1999 depreminde 112 bin 724’ü yıkık ve ağır hasarlı olmak üzere toplam 376 bin 479 konut ve işyerinde de hasar saptanmış, 133 bin 683 bina çökmüştü. Kamuoyu insanların can verdiği binaları yapan müteahhitlerin ve izin verenlerin cezalandırılmasını istiyordu. Depremin ilk şoku atlatıldıktan sonra sorumluların bir bölümü yakalandı; 170’i kamu görevlisi 6.286 kişinin yargılandığı 2.100 dava açıldı. Yargılananların imdadına iki yıl sonra çıkarılan “Rahşan affı” yetişince, davalardan 1.800’ü cezasız sonuçlandı. Kalan 300 davadan 110’unda verilen cezalar ertelendi; 190 dava da 2007’de zamanaşımından düştü.
Yargılanan 6.286 kişiden yaklaşık 150’si tutuklansa da çoğu bir-iki ay sonra serbest kalmıştı. Üç ila altı ay arası hapis yatan kişi sayısı ise 20’ye yakındı. Yani sorumlu olduğu iddia edilen 6.000’den fazla kişi tek bir gün bile hapis yatmadı. 6 aydan fazla cezaevinde kalan yalnızca iki kişi vardı: Çınarcık’ta yaptığı bazı binalar yıkılan Veli Göçer ve bu binaların teknik sorumlusu Mimar İsmet Kösebalaban.

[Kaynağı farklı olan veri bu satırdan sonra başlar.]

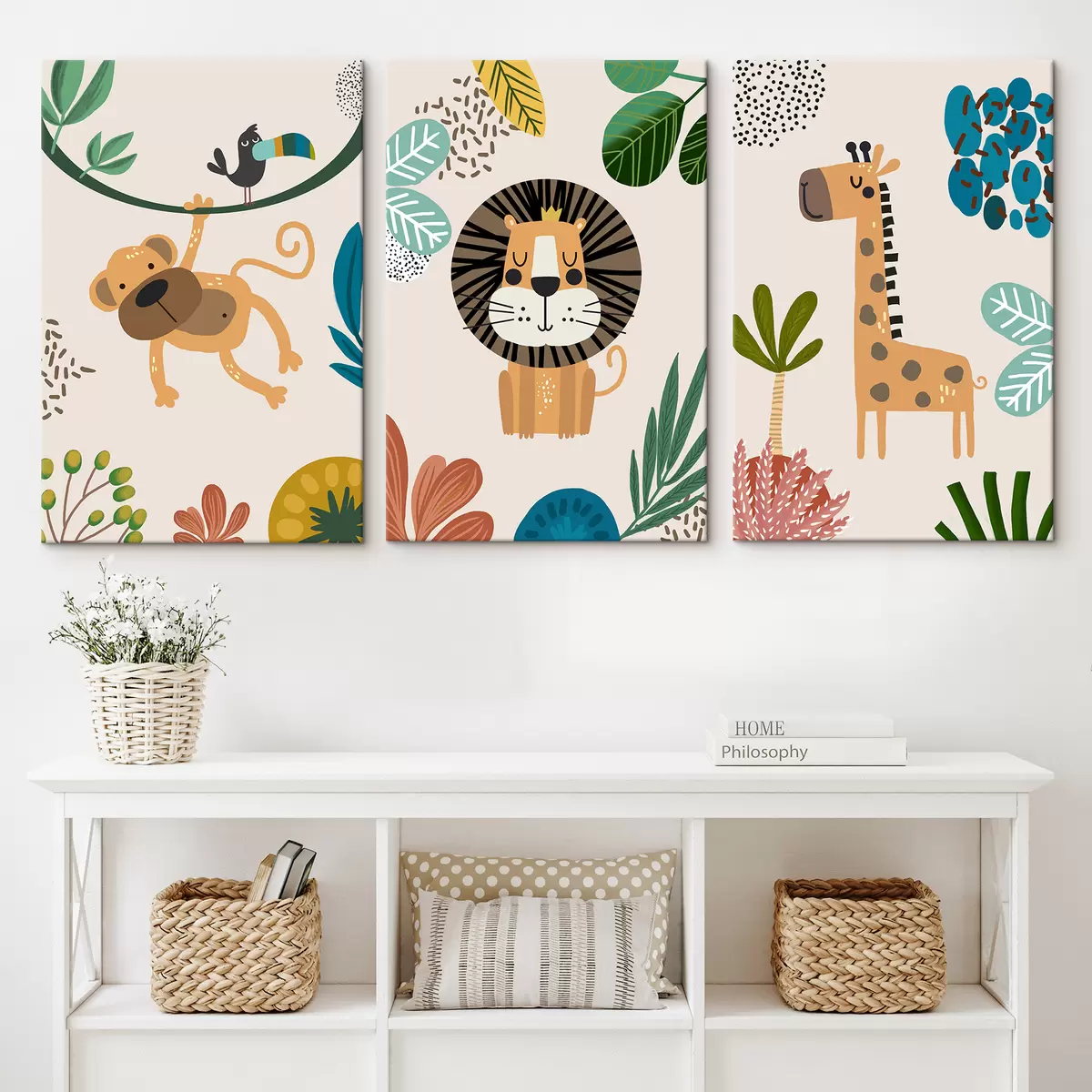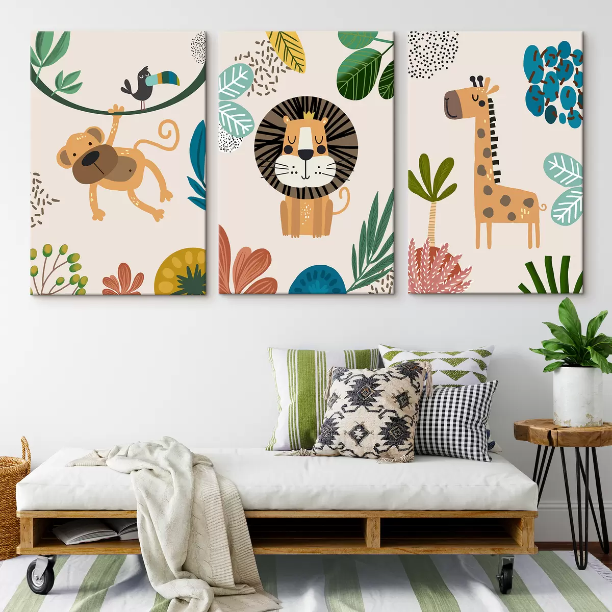 Wandbilder Tiere im Dschungel im Safari-Stil, Boho: Affe, Löwe, Giraffe Art. m00332

Kösebalaban 4 yıldan uzun süre kaldığı cezaevinde öldü. 7.5 yıl hapis yatan Veli Göçer ise dava boyunca binlerce sorumlu dışarıda dolaşırken bir tek kendisinin hapiste olmasına isyan etmişti. Günah keçisi ilan edildiğini söylüyordu.
Aslında Veli Göçer’in depremin ikinci gününden itibaren bir nefret objesi durumuna gelmesinin en önemli sebebi, herkesi öfkelendiren açıklamalar yapmasıydı. Depremi takip eden 20 gün boyunca firariydi Göçer. O yıllarda cep telefonundan yer tespiti mümkün olmadığı için televizyonların naklen yayınlarına bağlanıyor, Avrupa basınına demeçler veriyordu.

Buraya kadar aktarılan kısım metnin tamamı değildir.